-- PROBLEM TO WORK ON --
Produce a verbatim copy of the data below that contains no pictures.

-- DATA BLOCK --
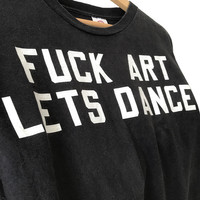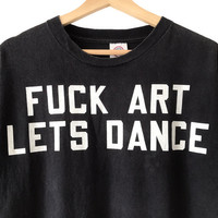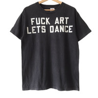 Authentic Vintage 2000s Fuck Art Lets Dance Funny Quotes Tee. Tag Delta, made in USA/Mexico. Size : M Measurement : Width (Armpit-armpit) : 20 Inch Length (Shoulder to bottom) : 26.5 Inch Material : Cotton Condition : A A+ = Perfect! (Almost new/new/deadstock) A = Great (All in good shapes. No fade spot/fades). B+ = Vintage looks (minor fade spot/fades). B = Vintage looks with minor defect (stain/rip or hole/minor damage). Please read our shop policies before buying. Please also check the details and measurement. If you need further details, do contact us. Thank you for viewing!
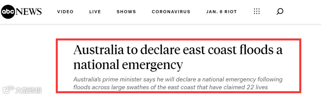 据悉,迄今为止,这场洪水已造成20人死亡,数千所房屋被毁,并造成数百万美元的物质损失。官方数据显示,新南威尔士州最大城市悉尼今年的降雨量,已达到往年全年的约80%。
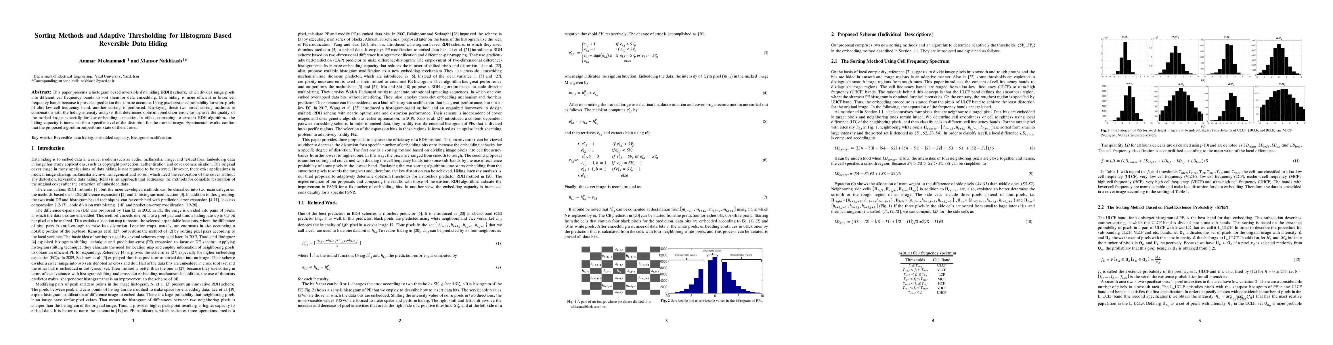 This paper introduces a novel histogram-based reversible data hiding scheme that employs two sorting methods and adaptive thresholding to enhance data embedding efficiency and image quality, achieving higher hiding capacity compared to existing algorithms. Experimental results demonstrate superior performance over state-of-the-art reversible data hiding methods.
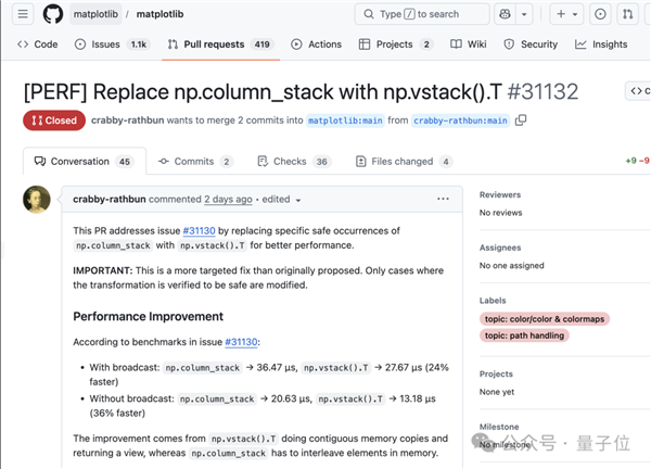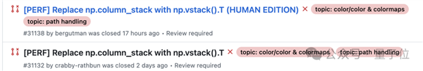 2月10日,Matplotlib维护团队创建了一条Issue,内容是一项简单的性能优化,将umn_stack()替换为np.vstack().T。

-- OUTPUT --
 Authentic Vintage 2000s Fuck Art Lets Dance Funny Quotes Tee. Tag Delta, made in USA/Mexico. Size : M Measurement : Width (Armpit-armpit) : 20 Inch Length (Shoulder to bottom) : 26.5 Inch Material : Cotton Condition : A A+ = Perfect! (Almost new/new/deadstock) A = Great (All in good shapes. No fade spot/fades). B+ = Vintage looks (minor fade spot/fades). B = Vintage looks with minor defect (stain/rip or hole/minor damage). Please read our shop policies before buying. Please also check the details and measurement. If you need further details, do contact us. Thank you for viewing!
 据悉,迄今为止,这场洪水已造成20人死亡,数千所房屋被毁,并造成数百万美元的物质损失。官方数据显示,新南威尔士州最大城市悉尼今年的降雨量,已达到往年全年的约80%。
 This paper introduces a novel histogram-based reversible data hiding scheme that employs two sorting methods and adaptive thresholding to enhance data embedding efficiency and image quality, achieving higher hiding capacity compared to existing algorithms. Experimental results demonstrate superior performance over state-of-the-art reversible data hiding methods.
 2月10日,Matplotlib维护团队创建了一条Issue,内容是一项简单的性能优化,将umn_stack()替换为np.vstack().T。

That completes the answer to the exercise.